===== Information shown
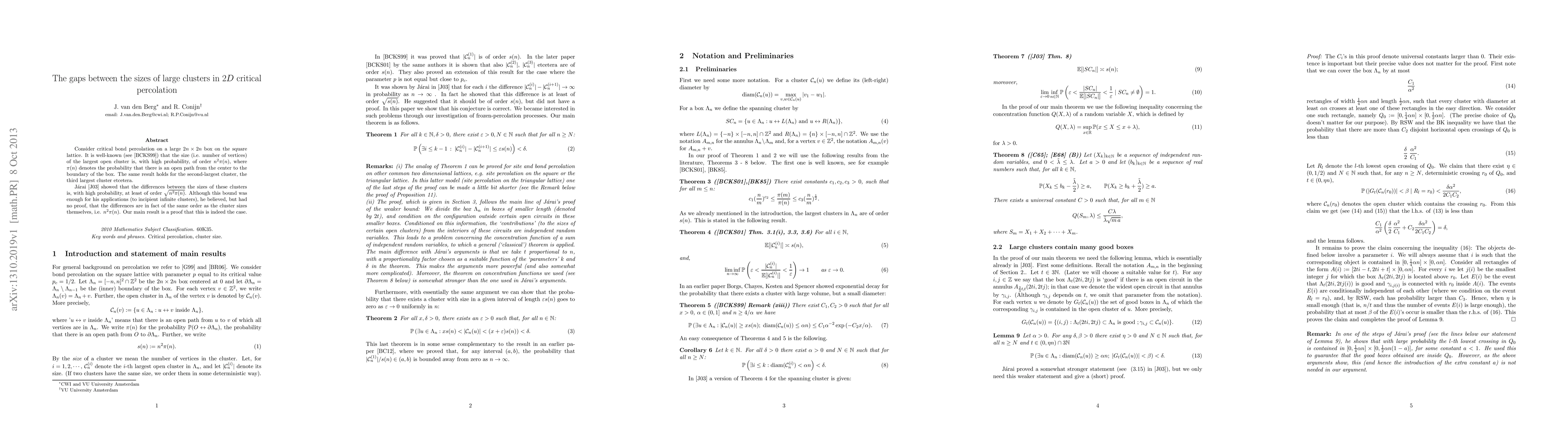 Consider critical bond percolation on a large 2n by 2n box on the square lattice. It is well-known that the size (i.e. number of vertices) of the largest open cluster is, with high probability, of order n^2 \pi(n), where \pi(n) denotes the probability that there is an open path from the center to the boundary of the box. The same result holds for the second-largest cluster, the third largest cluster etcetera. Jarai showed that the differences between the sizes of these clusters is, with high probability, at least of order \sqrt{n^2 \pi(n)}. Although this bound was enough for his applications (to incipient infinite clusters), he believed, but had no proof, that the differences are in fact of the same order as the cluster sizes themselves, i.e. n^2 \pi(n). Our main result is a proof that this is indeed the case.
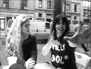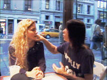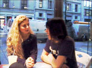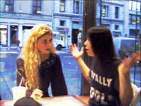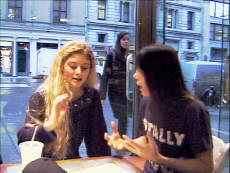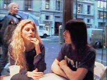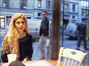 Cafe. Two People sitting in the window of a store front on Fifth Avenue, New York City. |
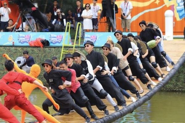 兩撥人站在搖擺橋上,由慢而快的來回擺動,平衡力差的將會落入水中,這一好玩的游樂項目一經開始,便火爆的不得了。
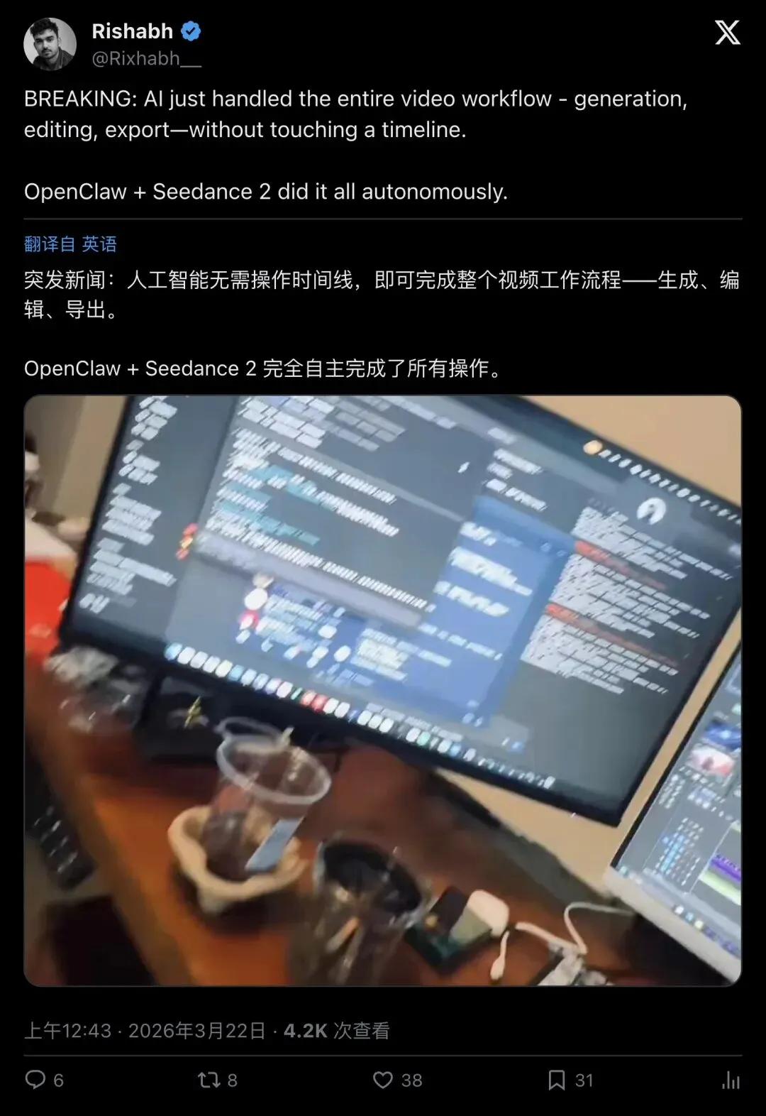 「太离谱了……OpenClaw 在 Seedance 2 上生成视频,然后导入 Premiere Pro 并自己剪辑……这一切都是它自己完成的。」
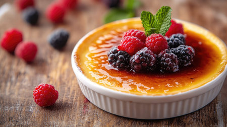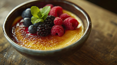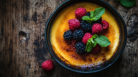 A rich with a caramelized top, adorned with mixed berries and mint, captured in close-up on a weathered wooden table. Perfect for enticing dessert images.
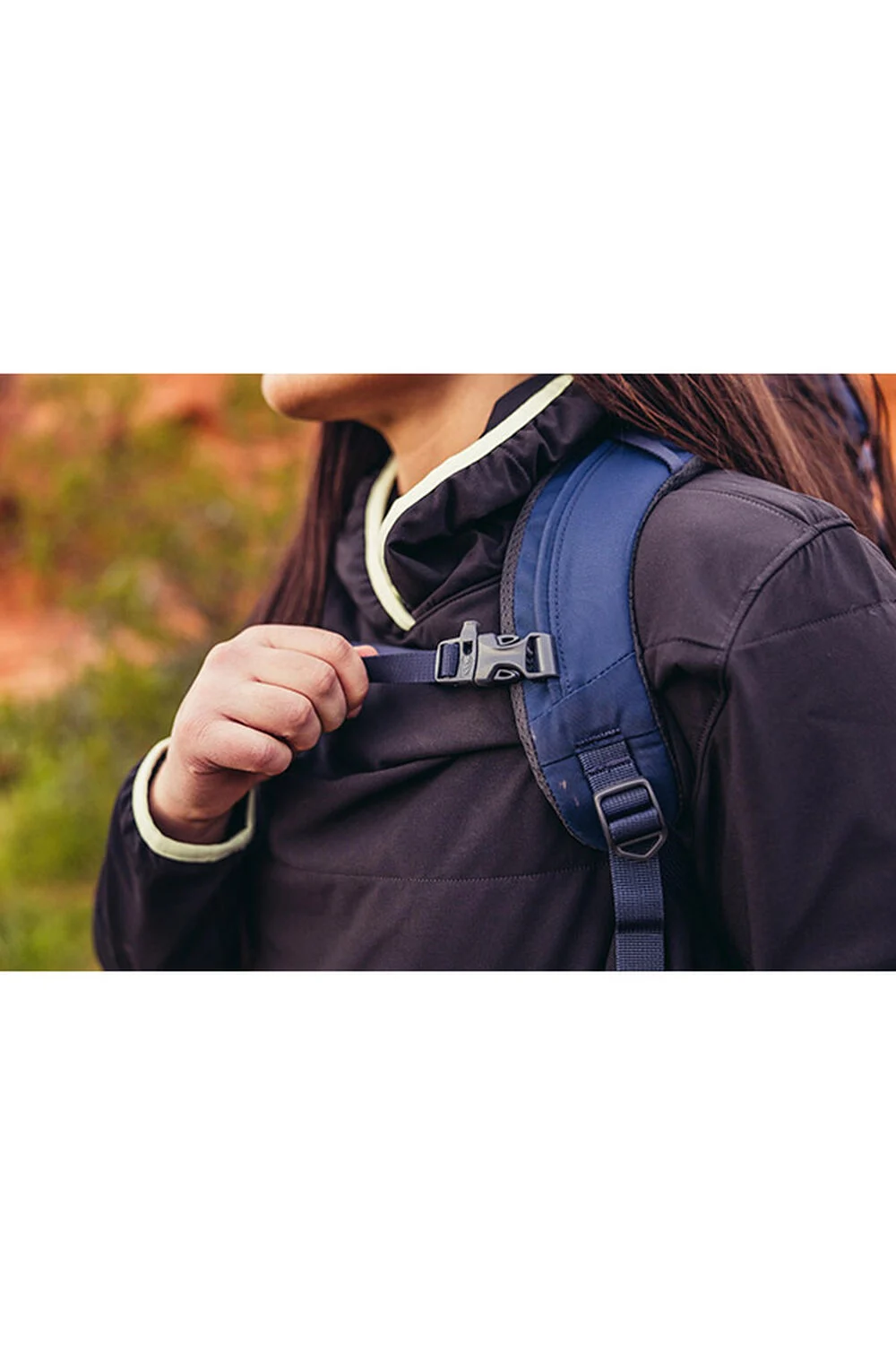 • Perforated, breathable shoulder harness with sternum strap featuring an integrated safety whistle
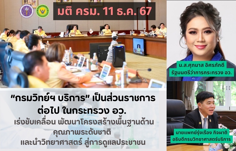 นพ.รุ่งเรือง อธิบดีกรมวิทย์ฯ บริการ กล่าวเพิ่มเติมว่า เช้าวันนี้ คณะรัฐมนตรีได้มีมติเห็นชอบ ร่างพระราชบัญญัติระเบียบบริหารราชการกระทรวงการอุดมศึกษา วิทยาศาสตร์ วิจัยและนวัตกรรม (ฉบับที่ ..) พ.ศ. …. เพื่อยกเลิก มาตรา 38 ที่กำหนดให้เปลี่ยนสถานภาพกรมวิทย์ฯ บริการ จากส่วนราชการไปเป็นองค์การมหาชน ซึ่งการยกเลิกมาตราดังกล่าว จะทำให้กรมวิทย์ฯ บริการ ยังคงสภาพความเป็นส่วนราชการในกระทรวง อว. ต่อไป เนื่องจากประเทศยังจำเป็นต้องมีส่วนราชการที่ทำหน้าที่กำกับดูแล และให้ข้อเสนอแนะเชิงนโยบาย เป็นห้องปฏิบัติการอ้างอิงแห่งชาติ เป็นหน่วยให้การรับรองกำกับติดตามห้องปฏิบัติการทั่วประเทศ และทำหน้าที่วิจัยพัฒนาด้านวิทยาศาสตร์สู่การดูแลประชาชน กรมวิทย์ฯ บริการมุ่งมั่นปฏิบัติภารกิจตามนโยบายรัฐบาลและท่านรัฐมนตรีศุภมาส ในการทำงานเน้นตอบโจทย์ ตรงความต้องการประเทศชาติและประชาชน เพื่อความมั่นคงของชีวิต เศรษฐกิจ และการพัฒนารูปแบบการบริหารจัดการที่มีอยู่แล้วให้มีประสิทธิภาพมากขึ้นและไม่เป็นภาระด้านงบประมาณของประเทศ
==========
Task details:
Line for line, output the entries above from the line with "Cafe. Two People" to the line with "A rich with", both included, and nothing more. Skip pictures.

Response area:
 Cafe. Two People sitting in the window of a store front on Fifth Avenue, New York City. |
 兩撥人站在搖擺橋上,由慢而快的來回擺動,平衡力差的將會落入水中,這一好玩的游樂項目一經開始,便火爆的不得了。
 「太离谱了……OpenClaw 在 Seedance 2 上生成视频,然后导入 Premiere Pro 并自己剪辑……这一切都是它自己完成的。」
 A rich with a caramelized top, adorned with mixed berries and mint, captured in close-up on a weathered wooden table. Perfect for enticing dessert images.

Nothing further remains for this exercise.